#### WORK TASK:
Only the lines from the one with "Mango Men's Linen Blend Slim Fit Polo Shirt" through the end of the material are wanted, copied exactly and with the pictures left out.

#### DATASET EXCERPT:
|---|
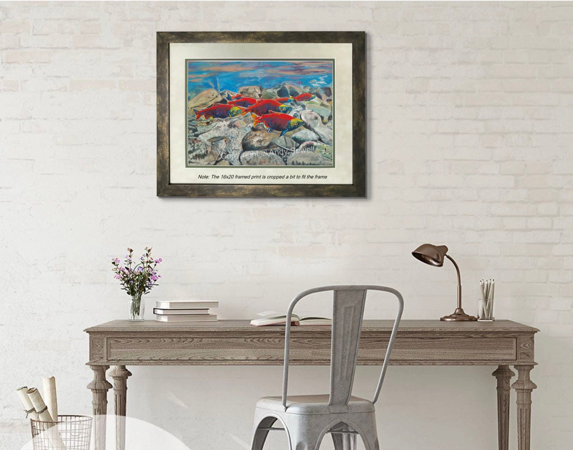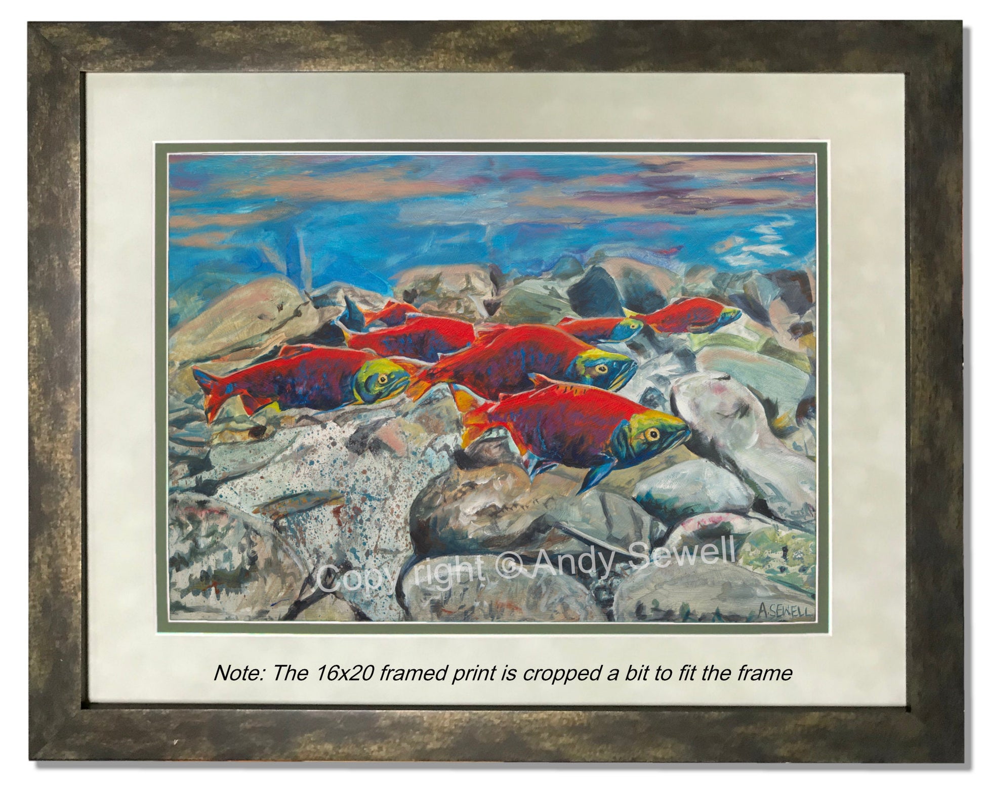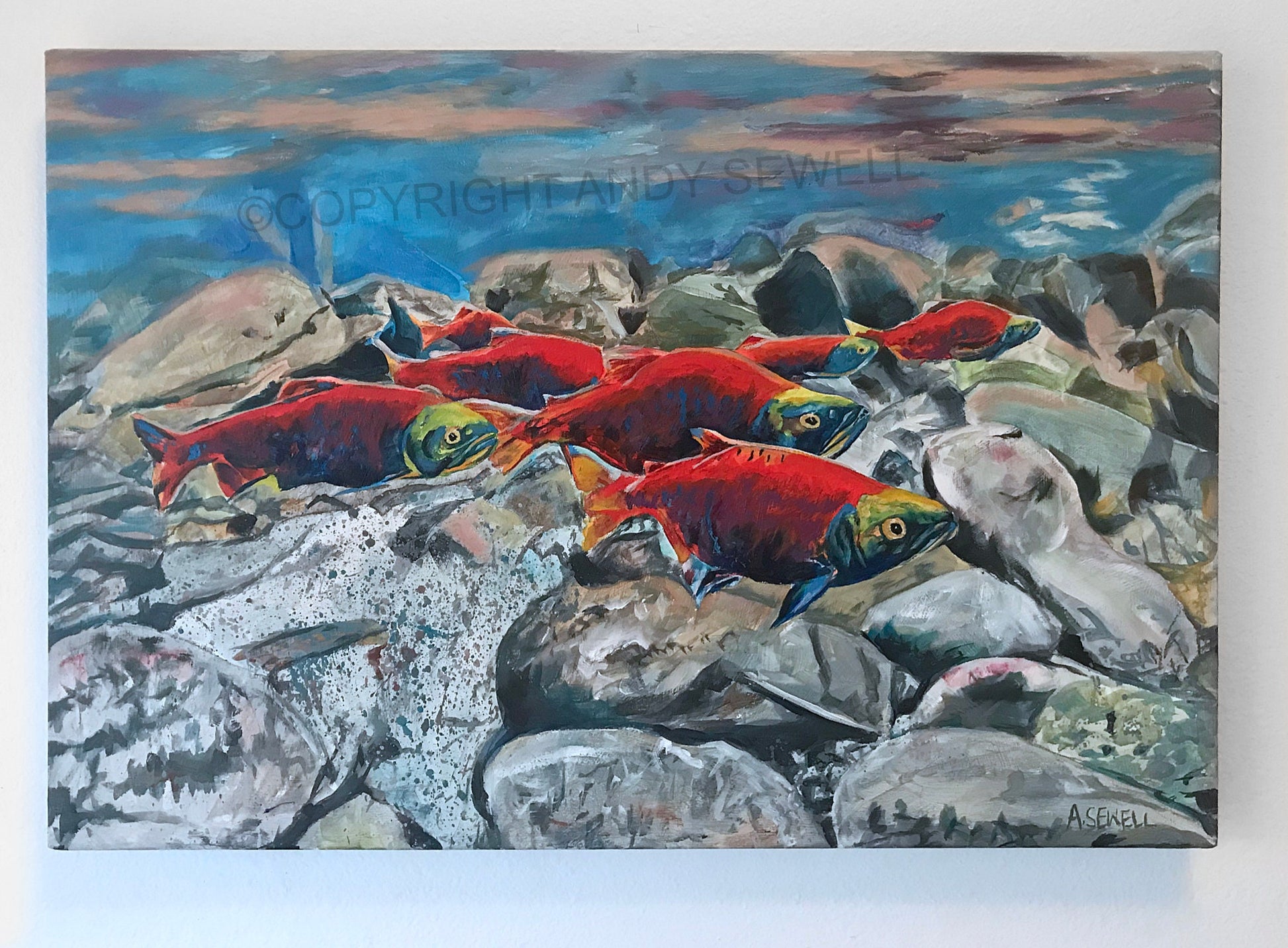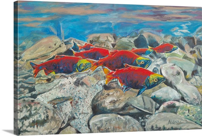 "Return of the Reds" - a canvas signed print of Sockeye Salmon or Kokanee on the return upstream.
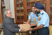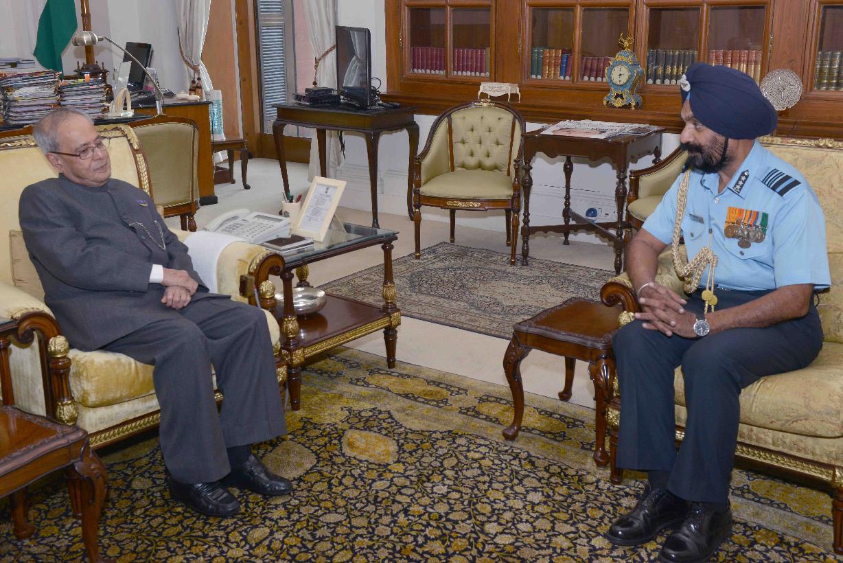 | Caption: | The President of India, Shri Pranab Mukherjee meeting with Air Marshal Jagjeet Singh, AOC-in-C, MC (Nagpur) & Hony ADC to the President, at Rashtrapati Bhavan on November 20, 2015. |
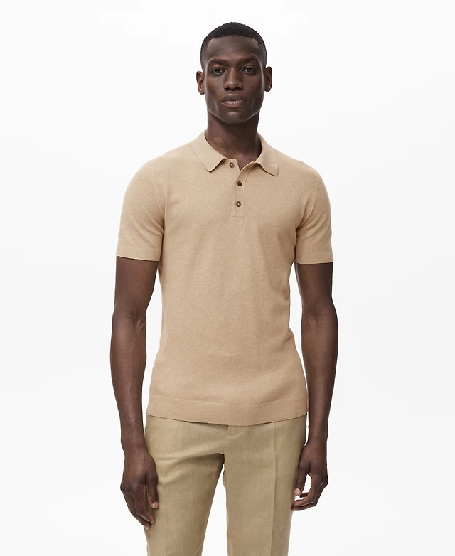 Mango Men's Linen Blend Slim Fit Polo Shirt
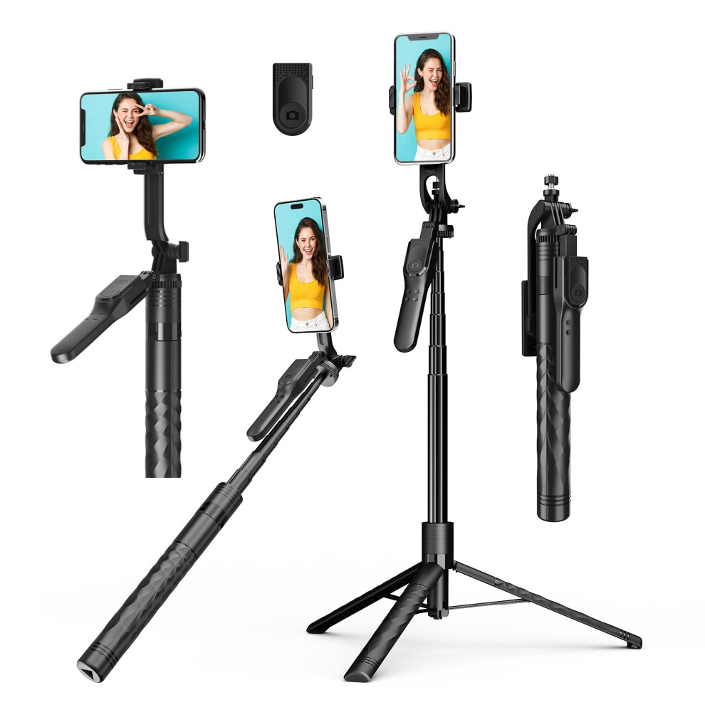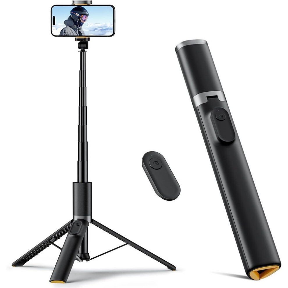 ATUMTEK Selfie Stick Tripod, 3-in-1 Extendable Aluminum Phone Tripod with Detachable Bluetooth Remote, Compatible with iPhone 17/16/15/14/13/12/11/11 Pro/XS Max/XR and Samsung Smartphones, Black
|---|
#### THE COMPLETED TASK:
 Mango Men's Linen Blend Slim Fit Polo Shirt
 ATUMTEK Selfie Stick Tripod, 3-in-1 Extendable Aluminum Phone Tripod with Detachable Bluetooth Remote, Compatible with iPhone 17/16/15/14/13/12/11/11 Pro/XS Max/XR and Samsung Smartphones, Black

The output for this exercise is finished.